In the latest development in the case, the plaintiffs won a ruling in June that forced the release of materials that further implicated the Saudis — material that the FBI inexplicably failed to turn over to the bipartisan 9/11 Commission created after the attacks.
In a video from 1999 In a video first aired on CBS’s “60 Minutes” in late June, Saudi national Omar Al Bayoumi (a Saudi intelligence informant, the FBI confirmed, despite Saudi denials) stakes out the U.S. Capitol, narrating in Arabic as he shows entrances, security checkpoints and parking areas, presumably for his al-Qaeda handlers. The Capitol is believed to have been targeted by the hijackers of United Flight 93, who were forced by their brave captives to crash into a field in Pennsylvania.
The video “is another big brick in a huge wall of evidence that at this point indicates that the Saudi government was complicit in the 9/11 attacks,” Richard Lambert, who led the FBI’s 9/11 investigation in San Diego, told CBS.
Over the weekend, the New York Times reported In another newly discovered piece of evidence: Al Bayoumi's notebook that included a sketch of an airplane and an equation calculating the rate of descent to hit a ground target. British authorities seized the evidence trove from Al Bayoumi's home in England ten days after the attacks and handed it over to the FBI.
Al Bayoumi, who later fled to Saudi Arabia and remains there, was living in California before the attacks, met the two hijackers when they arrived in Los Angeles and set them up in San Diego.
Michael J. Morell, a former deputy director of the CIA, told the New York Times that Congress or the Justice Department should investigate: “What happened to this material after it was turned over to the FBI?”
The revelations coincided with the release last week of former House Speaker Nancy Pelosi's report. book “The Art of Power.” In a chapter on September 11, he devotes seven pages to the government’s failure to fully follow through on Saudi Arabia and the Bush administration’s resistance to doing so.
Pelosi writes that a joint House-Senate investigation focused on communication failures between intelligence and law enforcement agencies that led to missed opportunities to prevent the tragedy. “But,” she adds, “there was a second major issue that we were not initially allowed to present to the public: the Saudi connection, specifically a clear trail of funding and assistance to these 9/11 terrorists provided by Saudi nationals, and particularly by Saudi diplomats and members of the royal family.”
When it comes to American intelligence, Pelosi knows. For 30 years she was part of the small congressional clique with access to the nation's secrets. What still worries her is this: “We found strong evidence of multiple troubling links to Saudi Arabia, while [Bush officials] “They were trying very hard to link 9/11 with Iraq and with Saddam Hussein.”

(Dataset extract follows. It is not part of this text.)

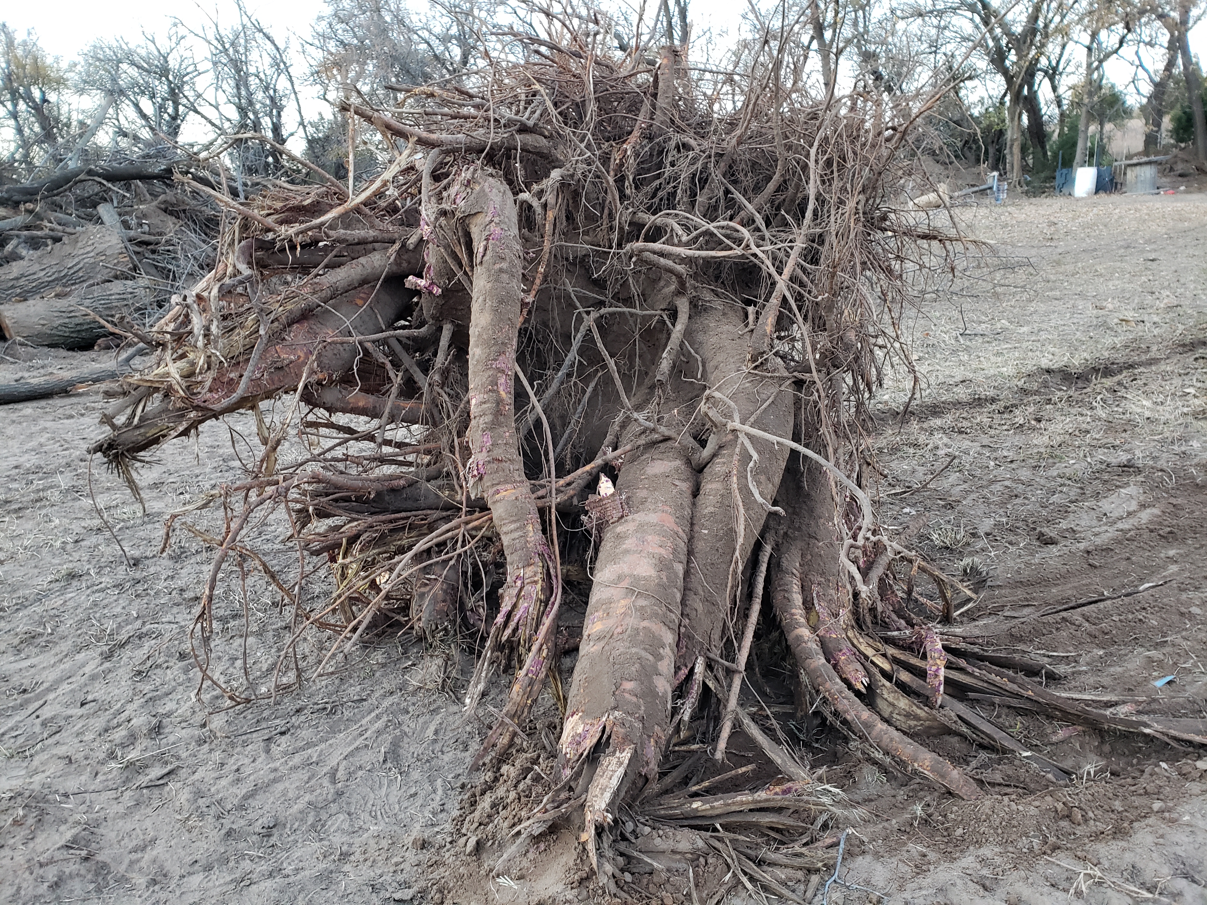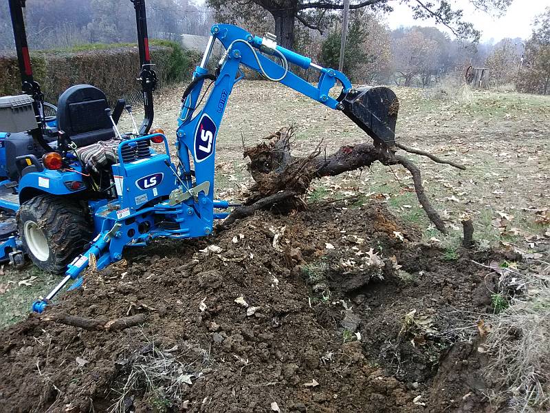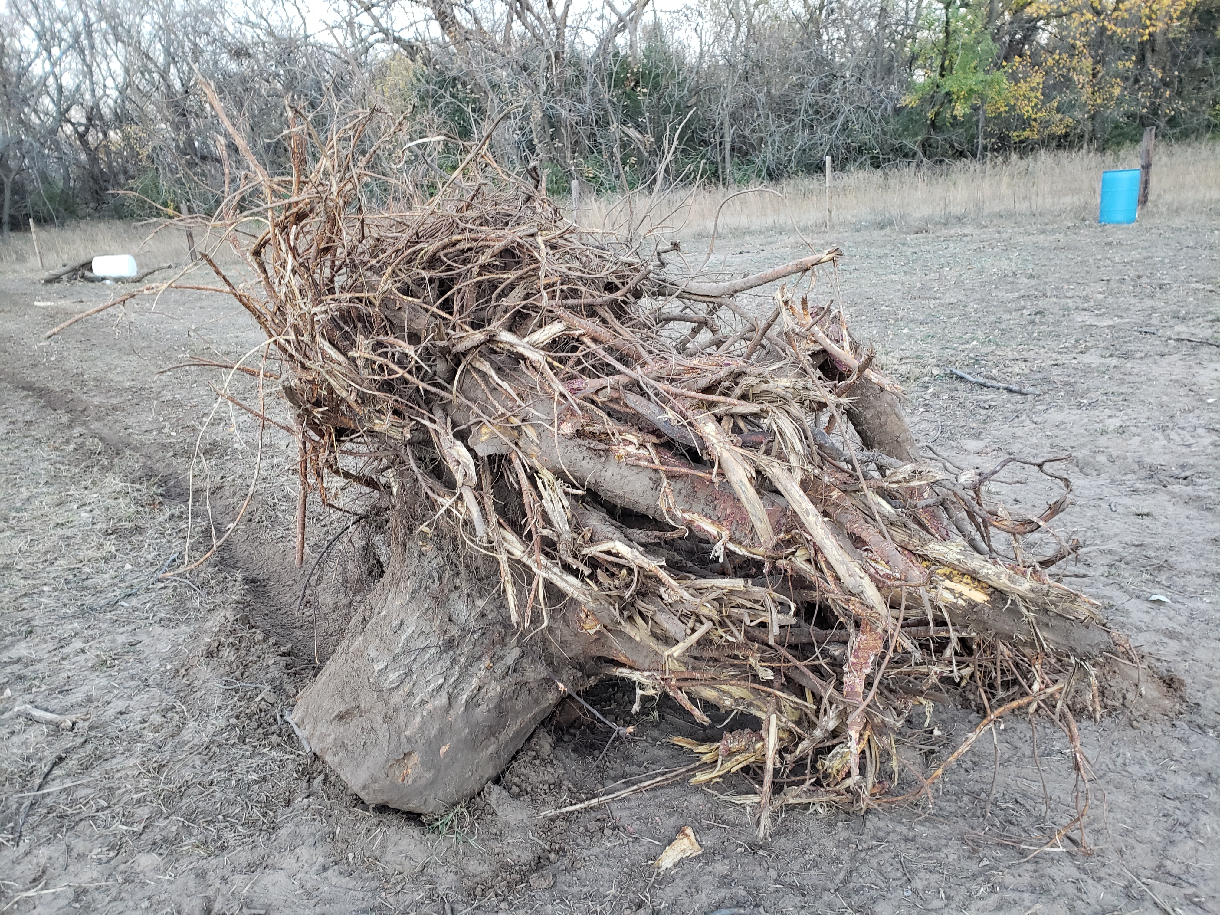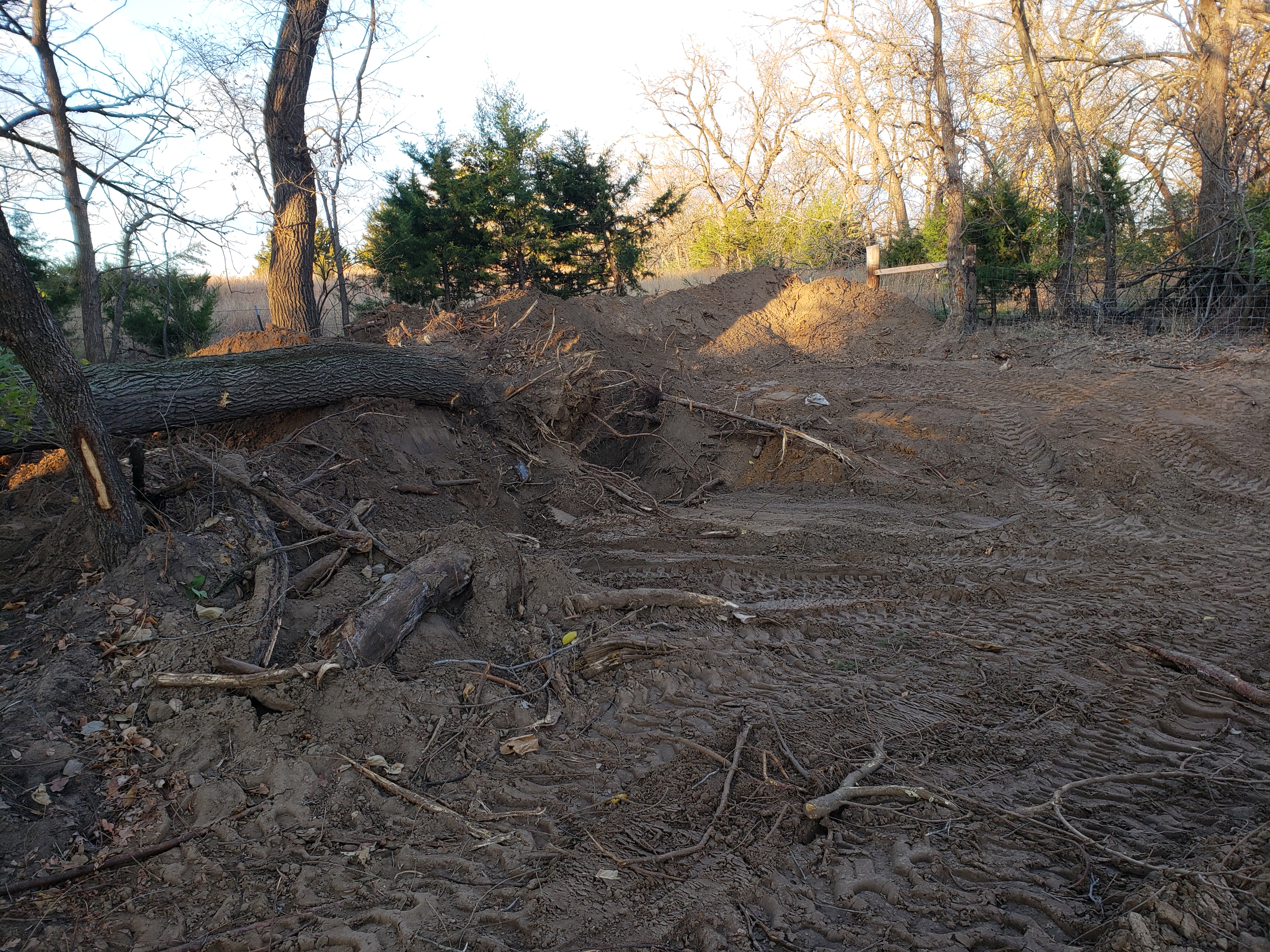 Drug this ginormous stump out to rebuild the shooting range. It took one 40-hp LS tractor and one 1998 Dodge Cummins to get it up to flat ground and the truck took it to the burn pit.

Congress authorized Bush to go to war, based on the lie that Iraq possessed weapons of mass destruction. Under pressure from the 9/11 families, he also established an outside commission for a broader investigation of the attacks. report In 2004, it said it had “found no evidence” of complicity by the Saudi government or senior officials, although it did not “exclude the likelihood that charities with significant Saudi government sponsorship diverted funds to al-Qaeda.”

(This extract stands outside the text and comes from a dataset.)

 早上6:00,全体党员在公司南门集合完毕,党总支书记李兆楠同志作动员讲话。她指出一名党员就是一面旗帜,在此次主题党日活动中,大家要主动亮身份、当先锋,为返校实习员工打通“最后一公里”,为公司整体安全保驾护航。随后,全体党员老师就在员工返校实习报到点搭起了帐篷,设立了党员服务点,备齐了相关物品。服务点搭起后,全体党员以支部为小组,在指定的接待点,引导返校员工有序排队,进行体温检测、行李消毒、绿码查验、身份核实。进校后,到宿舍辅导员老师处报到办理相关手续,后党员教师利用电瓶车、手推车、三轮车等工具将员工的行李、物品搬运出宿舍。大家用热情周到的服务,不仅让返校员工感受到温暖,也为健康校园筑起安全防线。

The executive director of the 9/11 commission told the New York Times in his recent report on new evidence that the commission's conclusions 20 years ago “were dependent on the evidence available at the time.”
Exactly. That is why Congress or some outside group created by it should investigate the new leads on Saudi complicity and report back to the nation on its updated findings. Let us honor the victims, not the sacred cows of foreign policy.